▶
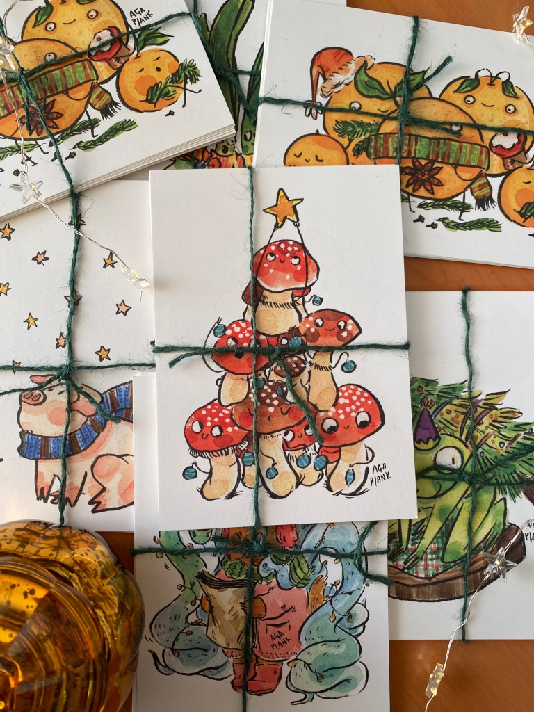 Each year with great spirit I add new cards to my Christmas Card collection. At least two new designs. Currently, I can offer 10 different designs with quirky characters that can add a bit of a spin-off to traditional Christmas card exchanges. Hopefully, you will enjoy them!
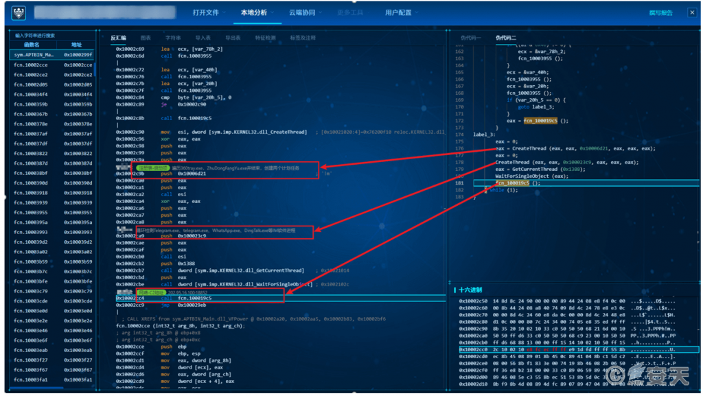 APTBIN_Main.dll creates two threads, whose functions include terminating security software processes and creating scheduled tasks. It then connects to the C2 server 202.95.16.100:18852 to download the VFPower_32.dll file.
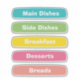 This sticker sheet includes popular section labels such as Main Dishes, Side Dishes, Breakfast, Desserts, and Breads—perfect for creating clear binder chapters and keeping your cookbook tidy.
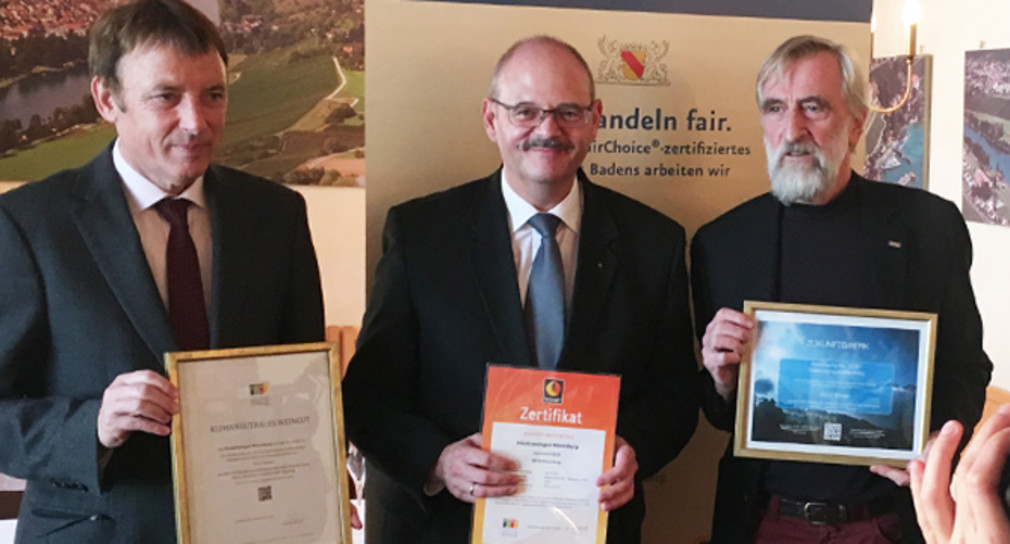 Das Deutsche Institut für Nachhaltige Entwicklung (DINE) hat das Staatsweingut Meersburg zum klimaneutralen Weingut zertifiziert. Prof. Armin Gemmrich vom DINE überreichte Ministerialdirektor Jörg Krauss in Meersburg die Zertifizierungsurkunde.
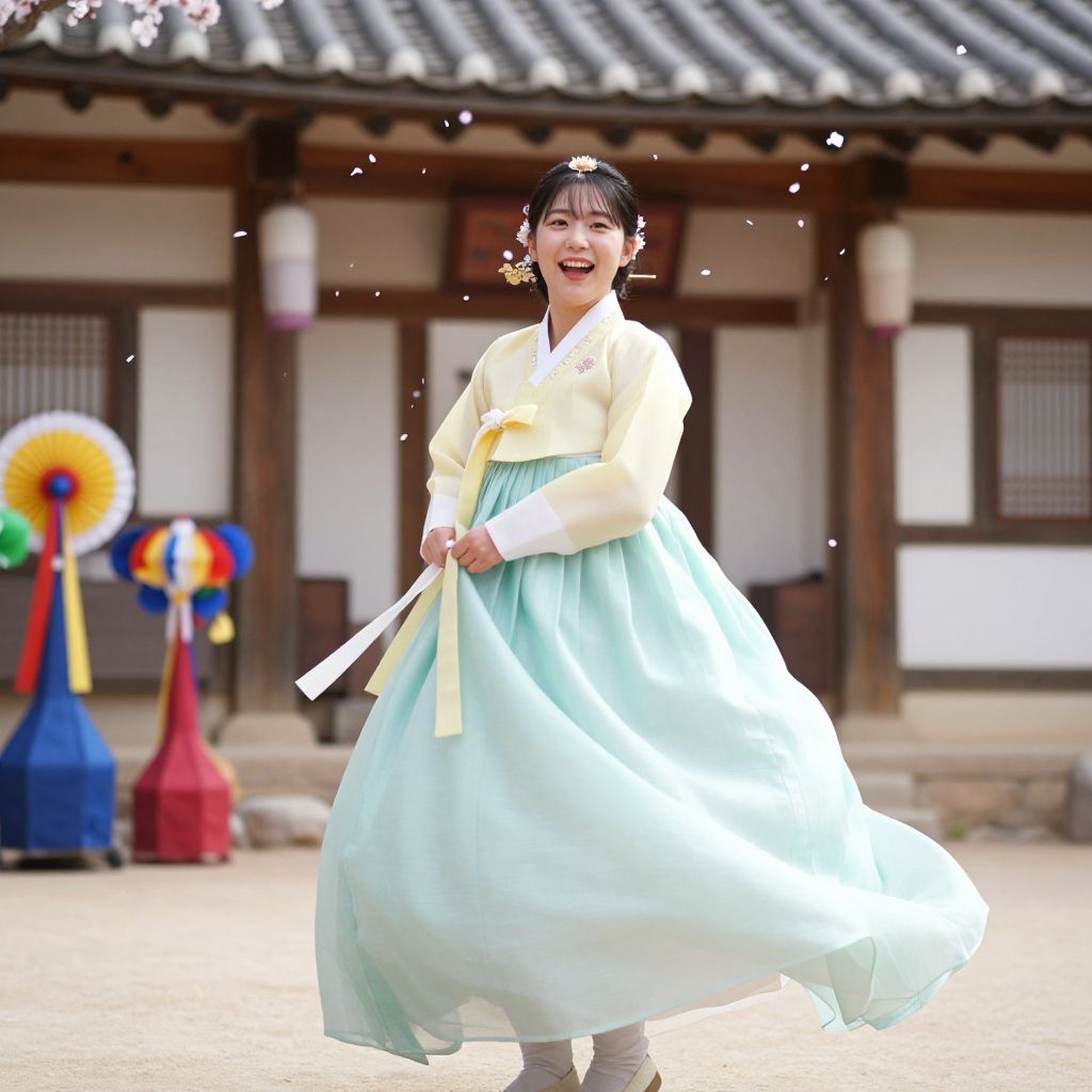 A joyful Korean hanbok woman with bright, laughing eyes and fair skin dances in a traditional temple courtyard during a festival, her pastel-colored hanbok—light yellow and mint green—flowing freely as she twirls, the petals of blossoms swirling around her like a soft breeze, the setting filled with colorful fans, lanterns, and festive decorations, radiating warmth, joy, and cultural grace.. The woman has big tits and cute face
◀
What to work on – Repeat each line of the records exactly. Do not include the pictures.

Task result –
 Each year with great spirit I add new cards to my Christmas Card collection. At least two new designs. Currently, I can offer 10 different designs with quirky characters that can add a bit of a spin-off to traditional Christmas card exchanges. Hopefully, you will enjoy them!
 APTBIN_Main.dll creates two threads, whose functions include terminating security software processes and creating scheduled tasks. It then connects to the C2 server 202.95.16.100:18852 to download the VFPower_32.dll file.
 This sticker sheet includes popular section labels such as Main Dishes, Side Dishes, Breakfast, Desserts, and Breads—perfect for creating clear binder chapters and keeping your cookbook tidy.
 Das Deutsche Institut für Nachhaltige Entwicklung (DINE) hat das Staatsweingut Meersburg zum klimaneutralen Weingut zertifiziert. Prof. Armin Gemmrich vom DINE überreichte Ministerialdirektor Jörg Krauss in Meersburg die Zertifizierungsurkunde.
 A joyful Korean hanbok woman with bright, laughing eyes and fair skin dances in a traditional temple courtyard during a festival, her pastel-colored hanbok—light yellow and mint green—flowing freely as she twirls, the petals of blossoms swirling around her like a soft breeze, the setting filled with colorful fans, lanterns, and festive decorations, radiating warmth, joy, and cultural grace.. The woman has big tits and cute face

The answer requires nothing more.